The final outcome of the Beacon Teen Center case may give employers some degree of hope for future NLRB decisions regarding potentially damaging social-network commentary. It serves as a reminder that there is, indeed, a line between protected concerted activity and concerted activity that is so egregious that it forfeits protection. Even if it does not demarcate that line clearly, at minimum, the case suggests that, if employees indicate on Facebook that they are going to jeopardize (a) child safety and welfare, and (b) program funding, it might just be permissible to discharge them.
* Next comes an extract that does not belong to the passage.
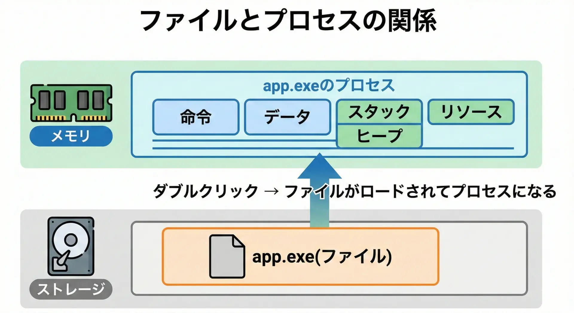- ストレージ上の「ファイル」が、メモリ上にロードされることで「プロセス(動いているプログラム)」になる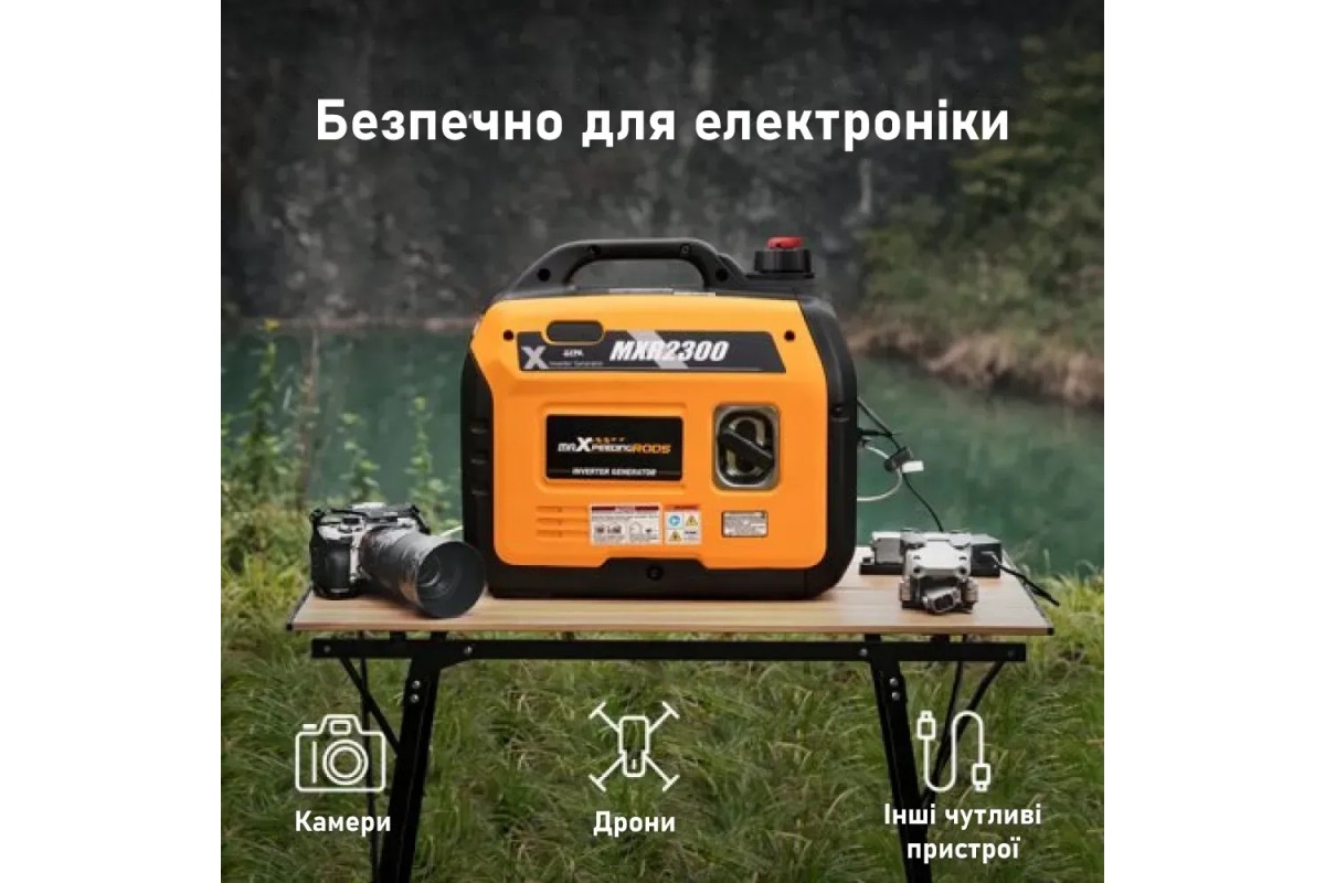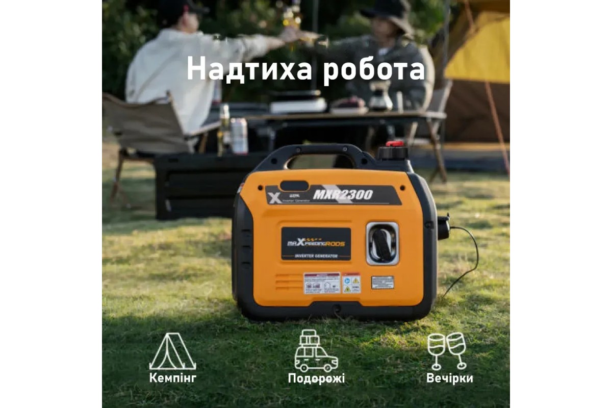 Інверторний генератор електроенергії MXR2300 забезпечує не тільки живлення великої побутової техніки та електроінструментів, але також служить резервним генератором у разі збою електроенергії. Ідеально підходить для кемпінгу на відкритому повітрі / кемпінгу, вечірок на відкритому повітрі, у саду, весілля на відкритому повітрі, подорожі на автофургонах, екстрене використання тощо. Вам більше ніколи не доведеться залишатися без електроенергії.

On the other hand, it is important to bear in mind two points. First, even a discourse like the one authored by Callaghan and Moore can amount to concerted activity. Second, even after trial, the General Counsel of the NLRB took the position that the participants in that discussion (replete as it was with plans to render the teen center a chaotic danger zone) were not really proposing insubordinate activity.

State-level Development

In addition to noting the federal decisions, employers should keep an eye on a state-level proposal that might reappear when the Legislature assembles next January. If reintroduced and enacted, state Rep. Cheryl Coakley-Rivera’s bill from the last session, titled an “Act Relative to Social Network Privacy and Employment,” would add to the growing list of thou-shalt-nots. If the bill becomes law, employers would not be allowed to require that job applicants and current employees add the employer to their list of social-media contacts or grant the employer access to their networks.

One apparent concession to the rights and needs of business owners is the bill’s proviso that employers would not be prohibited from obtaining information about an applicant or employee that is “in the public domain.” That looks reassuring. But ‘public domain’ is a term with a precise legal meaning, and it applies to creative works whose copyright has expired. It is not a synonym for ‘publicly available.’ An applicant’s blog may be visible for all the world to see, but that does not strip it of copyright protection and put it in the public domain.

If this bill becomes law in its present form, a judge construing the exemption could conclude that the Legislature intended to allow employers to obtain only information that is in the public domain (i.e., not subject to copyright) and to prohibit employers from obtaining information that is not in the public domain (i.e., information subject to copyright). But most of the information an employer would be interested in reading is subject to copyright. This presents a serious problem.

Imagine an applicant’s blog that consists of screeds about various Massachusetts businesses and their customers. Unless the job applicant takes a conscious decision to dedicate the blog to the public domain, the applicant owns the copyright. Is the publicly accessible blog in the public domain? No. Because copyright attaches at the moment the author creates the work and lasts for the life of the author plus 70 years, there would be precious little online information that an employer could look at without falling foul of the statute.

If the “Act Relative to Social Network Privacy and Employment” is re-filed, it will merit serious attention from the Massachusetts business community.